» **Data provided**
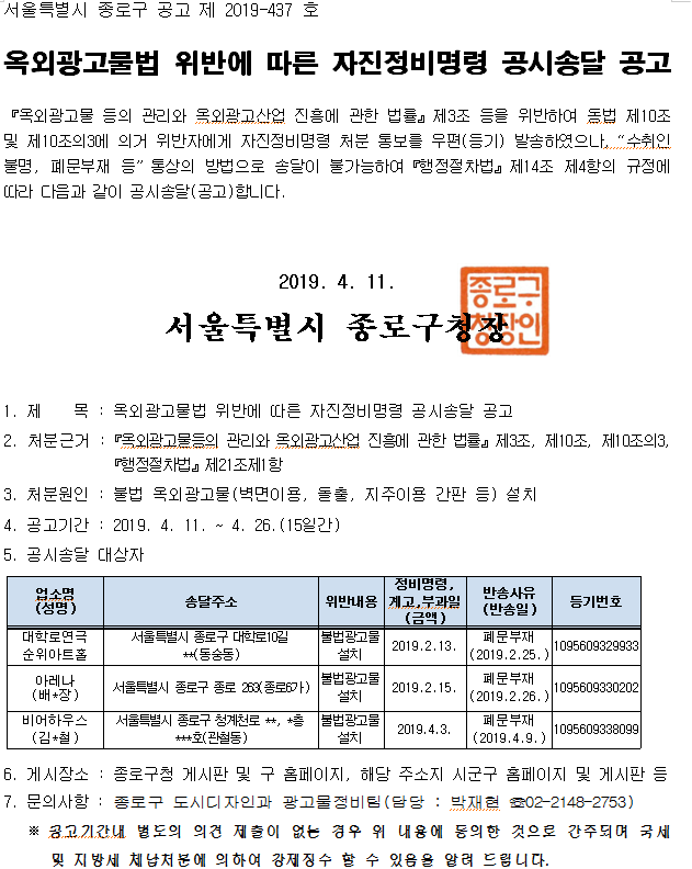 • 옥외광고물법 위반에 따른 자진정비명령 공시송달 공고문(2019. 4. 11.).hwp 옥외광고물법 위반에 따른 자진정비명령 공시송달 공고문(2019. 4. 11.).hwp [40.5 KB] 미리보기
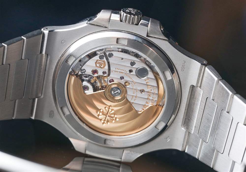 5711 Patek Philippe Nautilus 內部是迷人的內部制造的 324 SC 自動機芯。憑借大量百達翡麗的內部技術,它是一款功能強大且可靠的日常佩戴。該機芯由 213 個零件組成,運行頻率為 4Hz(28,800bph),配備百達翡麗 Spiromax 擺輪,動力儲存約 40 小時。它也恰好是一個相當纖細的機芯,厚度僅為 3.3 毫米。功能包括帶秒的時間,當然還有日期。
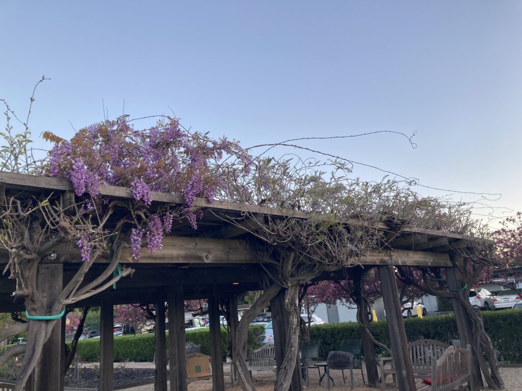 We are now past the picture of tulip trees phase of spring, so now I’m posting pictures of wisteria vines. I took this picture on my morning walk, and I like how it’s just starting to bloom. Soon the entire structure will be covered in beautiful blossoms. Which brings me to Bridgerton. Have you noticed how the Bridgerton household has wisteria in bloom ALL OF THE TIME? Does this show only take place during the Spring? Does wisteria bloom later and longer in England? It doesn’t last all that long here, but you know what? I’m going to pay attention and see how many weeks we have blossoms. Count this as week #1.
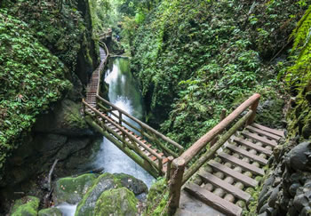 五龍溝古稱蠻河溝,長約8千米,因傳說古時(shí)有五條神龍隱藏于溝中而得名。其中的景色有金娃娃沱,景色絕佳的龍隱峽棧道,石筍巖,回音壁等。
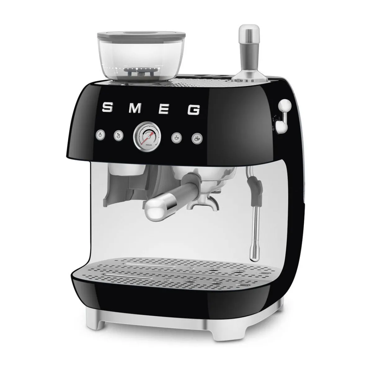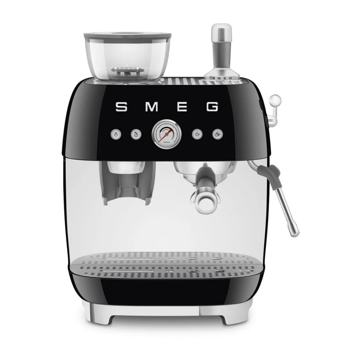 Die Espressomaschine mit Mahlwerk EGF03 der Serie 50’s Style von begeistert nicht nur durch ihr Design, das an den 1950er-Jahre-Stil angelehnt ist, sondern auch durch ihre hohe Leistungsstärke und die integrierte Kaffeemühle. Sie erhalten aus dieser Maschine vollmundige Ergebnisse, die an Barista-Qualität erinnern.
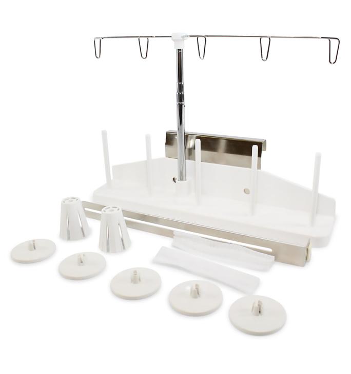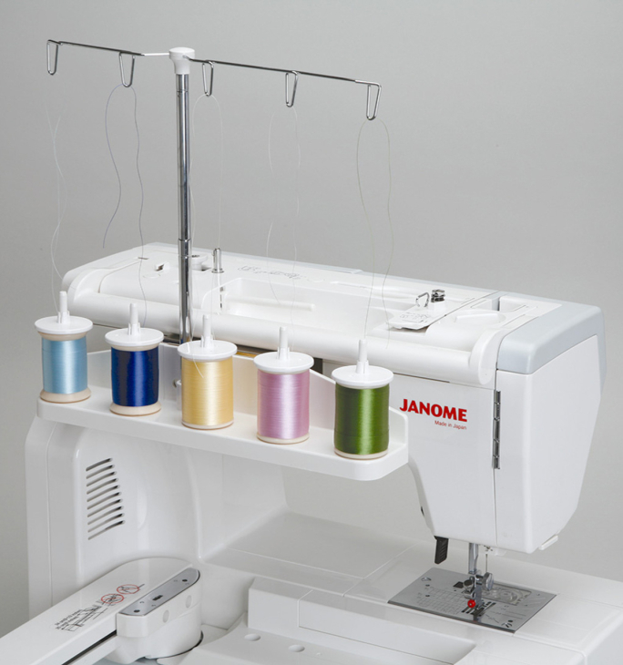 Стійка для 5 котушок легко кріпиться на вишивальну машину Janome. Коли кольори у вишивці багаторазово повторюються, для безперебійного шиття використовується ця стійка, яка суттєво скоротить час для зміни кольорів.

» **What is needed**
Print all of the entries word for word. Skip any images they contain.

» **Reply to the task**
 • 옥외광고물법 위반에 따른 자진정비명령 공시송달 공고문(2019. 4. 11.).hwp 옥외광고물법 위반에 따른 자진정비명령 공시송달 공고문(2019. 4. 11.).hwp [40.5 KB] 미리보기
 5711 Patek Philippe Nautilus 內部是迷人的內部制造的 324 SC 自動機芯。憑借大量百達翡麗的內部技術,它是一款功能強大且可靠的日常佩戴。該機芯由 213 個零件組成,運行頻率為 4Hz(28,800bph),配備百達翡麗 Spiromax 擺輪,動力儲存約 40 小時。它也恰好是一個相當纖細的機芯,厚度僅為 3.3 毫米。功能包括帶秒的時間,當然還有日期。
 We are now past the picture of tulip trees phase of spring, so now I’m posting pictures of wisteria vines. I took this picture on my morning walk, and I like how it’s just starting to bloom. Soon the entire structure will be covered in beautiful blossoms. Which brings me to Bridgerton. Have you noticed how the Bridgerton household has wisteria in bloom ALL OF THE TIME? Does this show only take place during the Spring? Does wisteria bloom later and longer in England? It doesn’t last all that long here, but you know what? I’m going to pay attention and see how many weeks we have blossoms. Count this as week #1.
 五龍溝古稱蠻河溝,長約8千米,因傳說古時(shí)有五條神龍隱藏于溝中而得名。其中的景色有金娃娃沱,景色絕佳的龍隱峽棧道,石筍巖,回音壁等。
 Die Espressomaschine mit Mahlwerk EGF03 der Serie 50’s Style von begeistert nicht nur durch ihr Design, das an den 1950er-Jahre-Stil angelehnt ist, sondern auch durch ihre hohe Leistungsstärke und die integrierte Kaffeemühle. Sie erhalten aus dieser Maschine vollmundige Ergebnisse, die an Barista-Qualität erinnern.
 Стійка для 5 котушок легко кріпиться на вишивальну машину Janome. Коли кольори у вишивці багаторазово повторюються, для безперебійного шиття використовується ця стійка, яка суттєво скоротить час для зміни кольорів.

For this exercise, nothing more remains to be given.